When is a book worth $3.5 million dollars? When it's a
first-time effort by 26-year-old Lena Dunham that hasn't even been written yet,
apparently. Probably the most talked-about publishing news of the year, this
over-the-top offer for a 66-page proposal (with illustrations!) has been
polarizing critics, publishing pros, and other authors since it was announced last Monday. On one hand, Dunham may be young, but she isn't exactly untried:
the snarky-funny daughter of New York
artists, Dunham is already a filmmaker and essayist, with pieces published in
the New Yorker and Rookie. More notably, she's also the
writer, creator, and star of the HBO niche hit "Girls." But $3.5 million?
Really? It's as if the girl you remember ducking gym class with - you know, the
bookish one? - won the lottery.
And it is a lottery. That money - and some estimates push it
up closer to $3.7 million - is not a fee. It's an advance against royalties. In
other words, it's cash up front that the publisher, in this case, Random House,
is handing over to Dunham in the hope of making it back in sales. And not total
sales - that tidy sum, again, is an advance against royalties. Royalties are the author's share. Figure Dunham will get
the more or less standard 15% from each book sold. Figure $25 for a hardcover,
and that comes to about $3.75 per book. In other words, she'll have to sell
close to a million books before getting any more checks. (Admittedly, this is
pretty rough math. There will undoubtedly be audiobook and film sales and other
factors that may shave a few thousand off the top.) But even though the advance
theoretically comes out of the author's cut, its still cash that the publisher
will have to shell out up front. And, no, despite a recent lawsuit by Penguin
to recoup advances from some authors, it rarely gets paid back.
Basically, this is a huge bet that Dunham will hit it big.
That she'll be the next Tina Fey, for example. Fey's book, Bossypants, got an advance of $5 million, came out in April, 2011,
and sold a million in its first six months - and it's still selling close to
3,000 copies a week. Dunham and Fey are both smart, funny women writers, right?
Yeah, but so is Sarah Silverman. She got $2.5 million for what became "The
Bedwetter." Except that her "The Sarah Silverman Program" was cancelled by
Comedy Central the month before the book was published, and her book, a memoir,
ended up selling fewer than 60,000 copies, according to Nielsen BookScan.

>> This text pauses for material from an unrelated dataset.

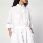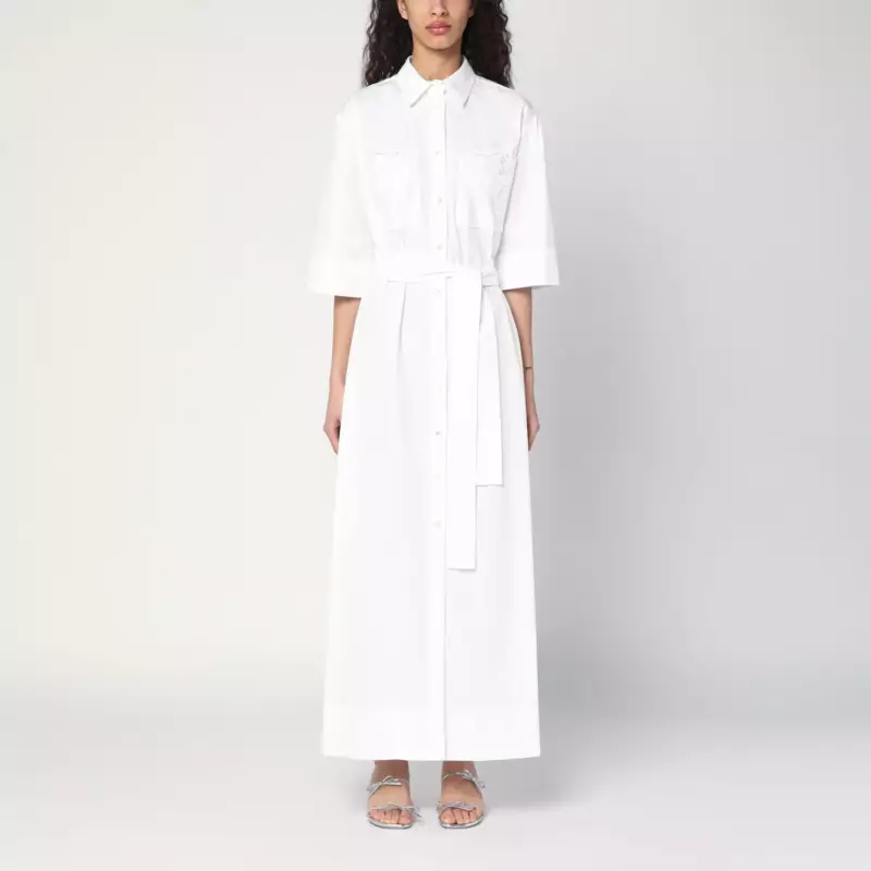 Long shirt dress by P A R O S H in white cotton characterized by a shirt collar three quarter sleeves a waist belt front buttoning two side welt pockets and two embroidered pockets applied on the chest.

(BookScan doesn't count ebooks or audiobook, but is generally considered to
account for 75% of total sales.)
It could even be worse. Following the runaway bestselling
success of Audrey Niffenegger's 2003 debut "The Time Traveler's Wife," Scribner
put down $5 million for the author's second novel, back in 2009. Total sales on
that? Fewer than 250,000; good numbers for some authors, but chump change after
an advance that big. That debacle prompted the New York Times to note that seven out of ten books do not earn back
their advance.
Publishing wasn't
always a high rollers' game. John Milton
was reportedly paid five pounds for the right to sell Paradise Lost, and that same New
York Times piece cited $30,000 as a rough average advance three years ago
(a number that I, as an author with several author friends, agree is still more
or less right). Even the so-called big names of literary fiction don't
necessarily get much more: Dave Eggers announced, in his preface, that he got
$100,000 for A Heartbreaking Work of
Staggering Genius.
The craziness we're seeing now is the culmination of a trend
that started back in the 1970s, when celebrity agents started bragging about
the money they could get up front for big-name authors like Philip Roth and
Norman Mailer. But with the explosion of celebrity authors and social media,
any sense of balance has gotten lost.
Books, especially those by television comedians, started getting crazy -
topping out with the $7 million Bantam shelled out in 2008 for Jerry Seinfeld's Seinlanguage.
Of course,
Seinfeld - like Fey - had already had years of exposure and success behind him.
Proponents for Dunham point out that she, too, has a ready-made audience: with
more than 360,000 followers on Twitter and 106,000 on Instagram, she's got a
half a million readers primed already. Will that audience, used to reading
bite-size 140 character quips for free, shell out for a hardcover book? A year
from now, when Dunham may no longer be the next big thing? Random House is
betting on it.
Clea Simon is the
author of 11 novels, most recently True Grey (Severn House). She does not get million-dollar advances.